Scientific classification
- Kingdom: Animalia
- Phylum: Chordata
- Class: Mammalia
- Order: Chiroptera
- Family: Pteropodidae
- Genus: Dobsonia
- Species: D. beauforti
- Binomial name: Dobsonia beauforti Bergmans, 1975

= Beaufort's naked-backed fruit bat =

- Genus: Dobsonia
- Species: beauforti
- Authority: Bergmans, 1975
- Conservation status: LC

Species of bat

Beaufort's naked-backed fruit bat (Dobsonia beauforti) is a species of megabat in the family Pteropodidae. It roosts in caves.

==Taxonomy and etymology==
Beaufort's naked-backed fruit bat was described as a new species in 1975 by W. Bergmans. The holotype was collected in 1909 by Lieven Ferdinand de Beaufort in Waigeo, Indonesia. De Beaufort is the eponym for the species name "beauforti."

==Description==
Its ears, flight membranes, and back lacks fur.
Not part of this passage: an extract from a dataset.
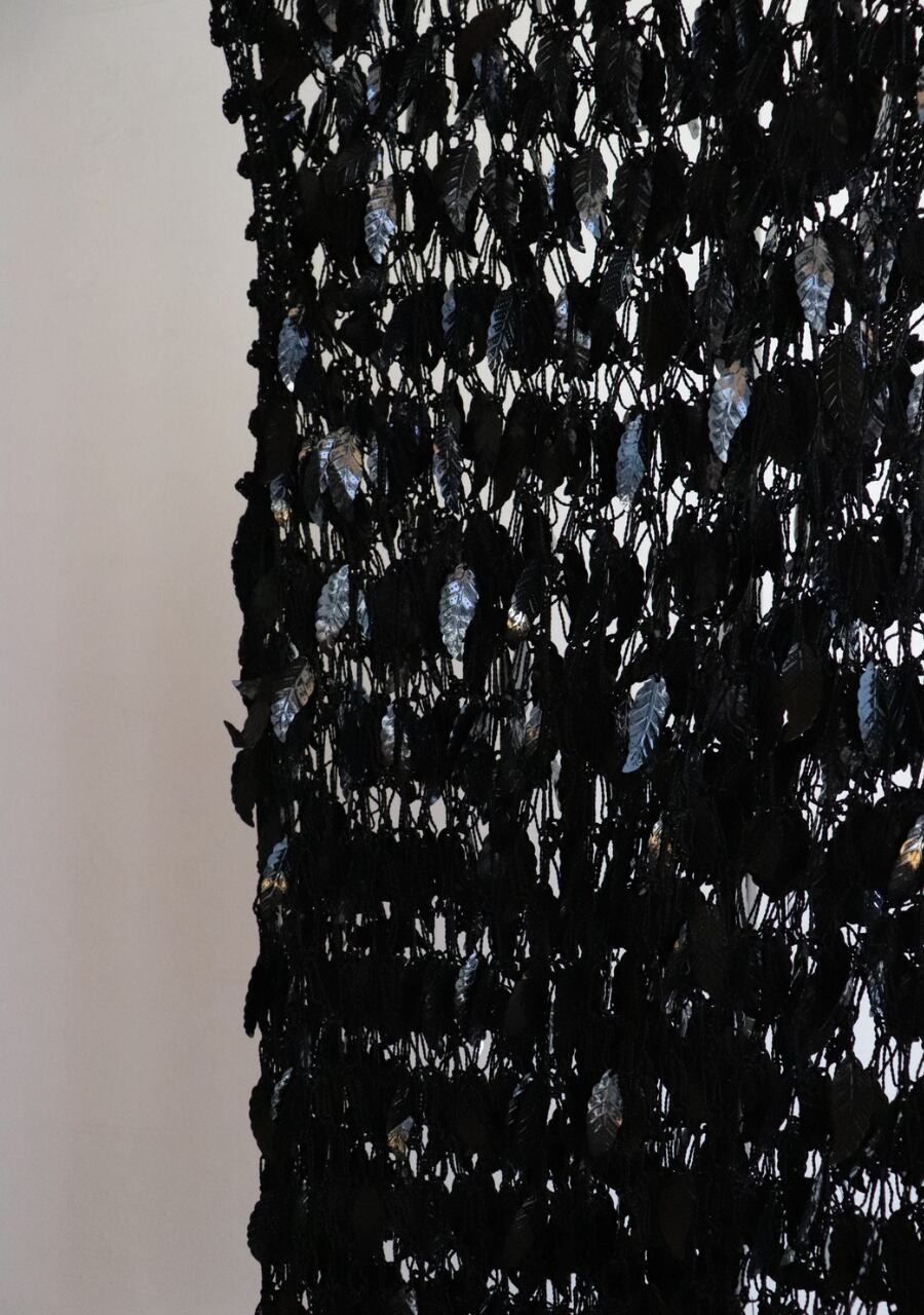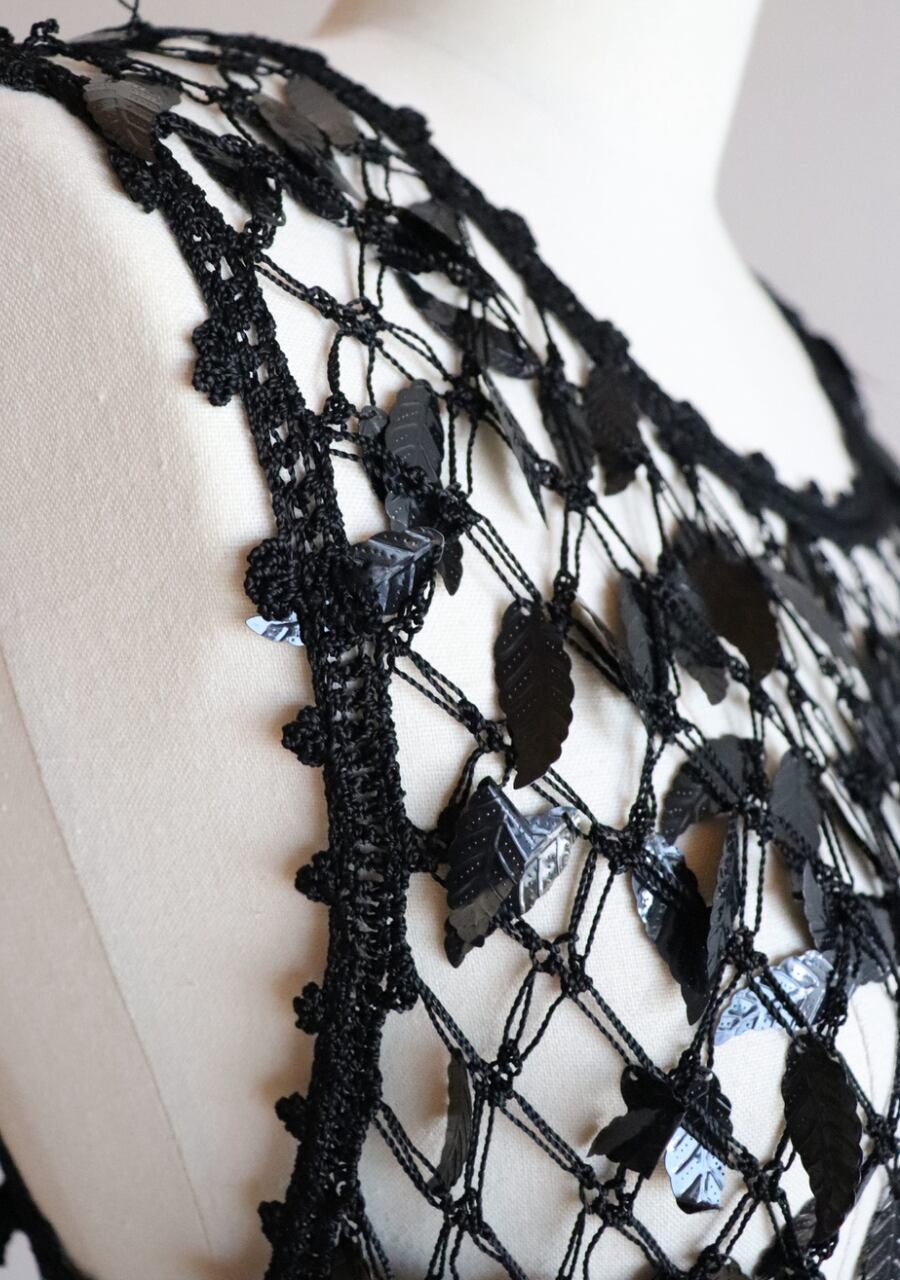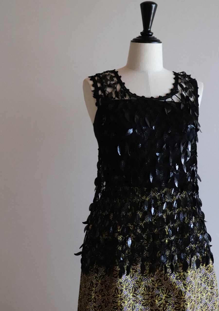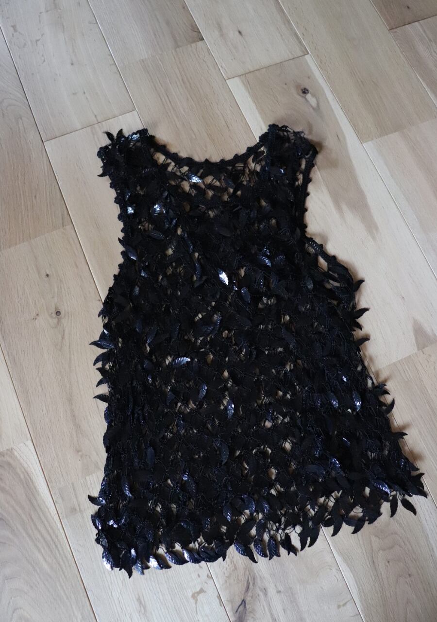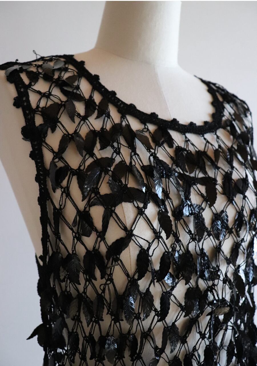 リーフの形のスパンコールが編み込まれたベスト。ギラつきがなく光の角度で艶感が出て大人っぽい。葉が風に揺れてカサカサと心地よい音が鳴るようにこのベストも音がします。とても可愛い♡
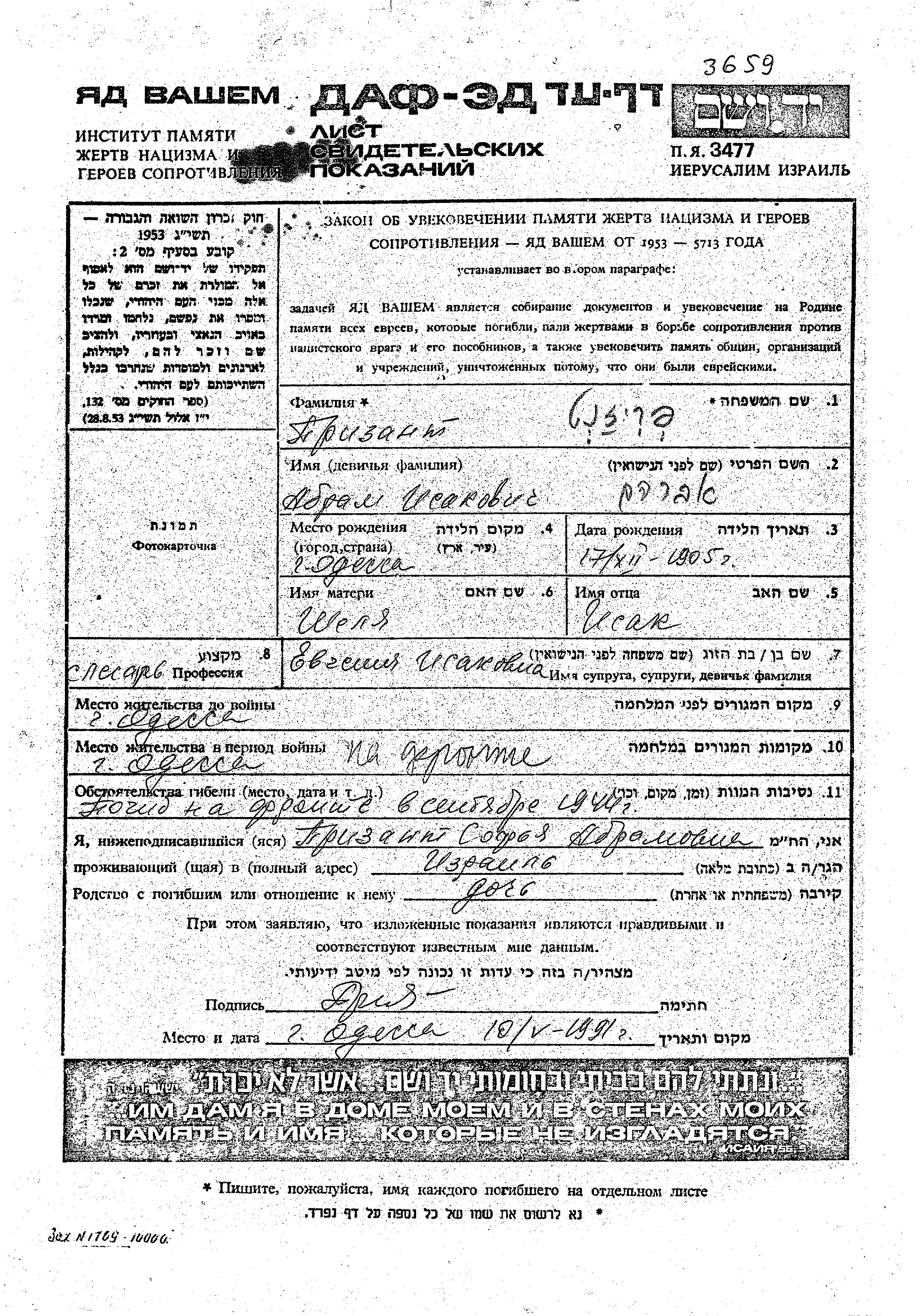 Место жительства перед войной: город/село или область/район, или страна

Its forearm length is 99.6-111.4 mm. It is sexually dimorphic, with males larger than females. Males are also a bright, yellowish-green in contrast to the drab brown fur of the females. It is similar in appearance to the greenish naked-backed fruit bat, with which it may be confused.

==Range and habitat==
It is endemic to Indonesia, where its range includes the Raja Ampat, Biak, and Supiori islands in Cenderawasih Bay.

==Conservation==
As of 2016, it is listed as a least-concern species by the IUCN.